Sem contrato, empresa é vista roçando canteiros em Maringá
Em vídeo, funcionário se identifica como da Serviplan. Por telefone, proprietário da empresa diz que não está realizando nenhum trabalho na cidade. Por outro lado, secretário de Serviços Públicos do município informou à CBN, por mensagem, que havia contratado a Serviplan de forma particular e que pagaria as despesas do próprio bolso, mas, depois, ele apagou a informação.
Um empresa de Londrina foi vista roçando canteiros de Maringá. Um vídeo, feito na sexta-feira (03), foi enviado para a CBN. Nele, dois homens aparecem. Um que filma a situação e fala com o outro, que se identifica como funcionário da Serviplan e diz que o serviço era para a Secretaria de Serviços Públicos, a Semusp.
Segundo dados do Portal da Transparência, a Serviplan não tem mais nenhum contrato com a Prefeitura. A empresa londrinense teve um contrato de prestação de serviços de roçadas e afins com o Executivo entre o final de 2018 e 2019. Para isso, recebeu R$ 1 milhão 671 mil.
A lei federal de licitações, de 1993, diz que todo tipo de contrato deve ter registro - com pouquíssimas exceções. Dependendo da situação, a empresa que não cumprir a legislação pode ter problemas jurídicos e se impedida de participar de novas concorrências. Gestores também podem responder juridicamente.

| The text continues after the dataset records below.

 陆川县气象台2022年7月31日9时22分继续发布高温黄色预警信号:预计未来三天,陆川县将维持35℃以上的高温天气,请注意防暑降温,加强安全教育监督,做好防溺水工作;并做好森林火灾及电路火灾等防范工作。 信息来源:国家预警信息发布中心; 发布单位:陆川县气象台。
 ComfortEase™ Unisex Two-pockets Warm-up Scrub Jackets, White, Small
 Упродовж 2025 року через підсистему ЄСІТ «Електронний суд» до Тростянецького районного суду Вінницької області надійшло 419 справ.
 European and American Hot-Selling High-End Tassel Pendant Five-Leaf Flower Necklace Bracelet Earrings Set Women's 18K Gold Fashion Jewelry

Na manhã de sábado, a CBN procurou o secretário de Serviços Públicos, Vagner de Oliveira, para comentar o assunto. Por meio de mensagens, ele disse, em um primeiro momento, que não havia nenhuma empresa trabalhando para a Prefeitura em relação às roçadas, e que tudo estava sendo feito por servidores. Além disso, o secretário relatou que uma licitação para contratar o serviço deveria ocorrer neste mês.
Só que depois, quando a CBN enviou o vídeo em que o homem identifica a empresa para qual trabalha, o secretário deu novas informações: a de que teria contratado a empresa como cidadão, de forma particular, para que utilizasse uma máquina chamada Giro Zero -- uma espécie de trator. Oliveira seguiu, dizendo que iria pagar o serviço do próprio bolso porque queria ver a cidade limpa.

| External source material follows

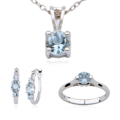 Cheap Sterling Silver Rhodium Plated Sterling Silver Genuine Blue Topaz Pendant, 18", Hoop Earring, and Ring Set Review
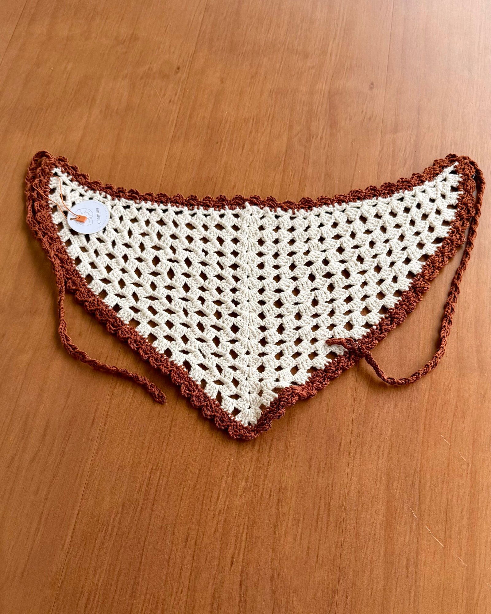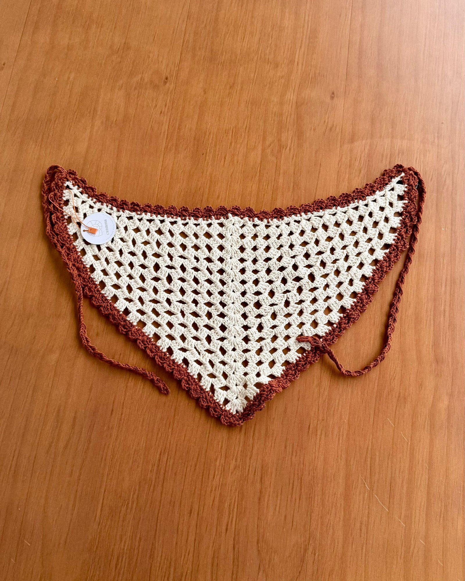 Lenço/bandana em crochê feito à mão na cores cru e marrom. Confeccionado com fio de alta qualidade, possui amarração ajustável e trama confortável, mesclando pontos fechados e abertos para um visual moderno. Ideal para usar como acessório de cabelo, no pescoço ou como detalhe estiloso em looks de verão.

A reportagem viu as mensagens, mas, na sequência, entretanto, o secretário apagou as informações enviadas.
A reportagem, então, solicitou uma entrevista com o secretário. Oliveira, daí, disse que estava fora de Maringá e que a CBN deveria entrar em contato com a diretoria de comunicação da Prefeitura.
Dois advogados ouvidos pela CBN, sem saber especificamente sobre caso, divergiram sobre a questão relativa à doação de um serviço de um particular para a Prefeitura. Para um deles, é possível fazer a doação de um serviço se o processo ocorrer de forma formalizada. Para o outro, não.

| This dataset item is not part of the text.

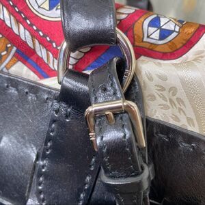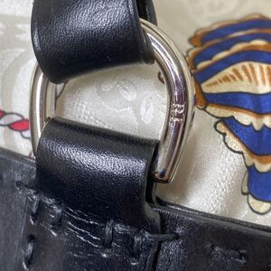 It is rectangular, with two silver-tone D-ring braided top handles, and a detachable polished silver-tone signature logo embossed luggage tag. The interior has one large & one small open slot pockets, made in Italy plaque, RL embossed hardware, and is unlined.
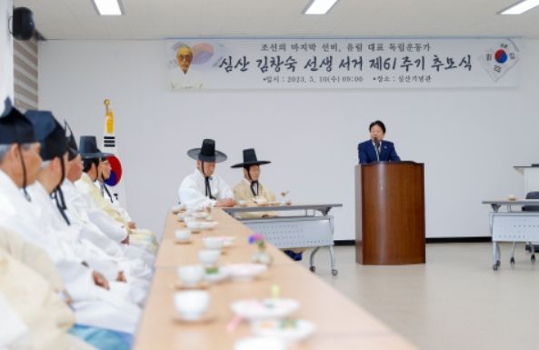이병환 성주군수, 김성우 성주군의회 의장을 비롯한 도의원, 군의원, 기관단체장, 유림단체회원 등 100여명이 참석한 이날 추모식에는 헌다례 및 헌화, 분향, 국민의례, 심산 김창숙 선생 어록낭독, 추모사, 차 나눔행사 순으로 진행됐다.

A Serviplan é uma empresa de Londrina, ativa desde 2013, pelo menos. O proprietário é João Marcelo de Moraes Lopes. A CBN entrou em contato, por telefone, com ele no sábado, pela manhã. Em uma primeiro momento, com a qualidade da ligação ruim, sem a reportagem ter podido terminar o questionamento, Lopes disse que não havia contrato entre a Serviplan e a Prefeitura de Maringá.
Em uma segunda ligação, ainda no sábado, com qualidade de áudio melhor, Moraes falou que a reportagem deveria procurar com a Semusp porque não tinha o que dizer.
Quando questionado se a empresa estaria prestando algum tipo de serviço, mesmo que para alguém em particular em Maringá, o proprietário da Serviplan disse que não.
A assessoria de comunicação da Prefeitura informou que irá se manifestar por meio de nota. O primeiro contato ocorreu no sábado (04). Na manhã desta segunda (06), a CBN procurou novamente a assessoria. A resposta foi a de que as informações internas estavam sendo levantadas. Até o fechamento desta reportagem, não houve o envio da nota.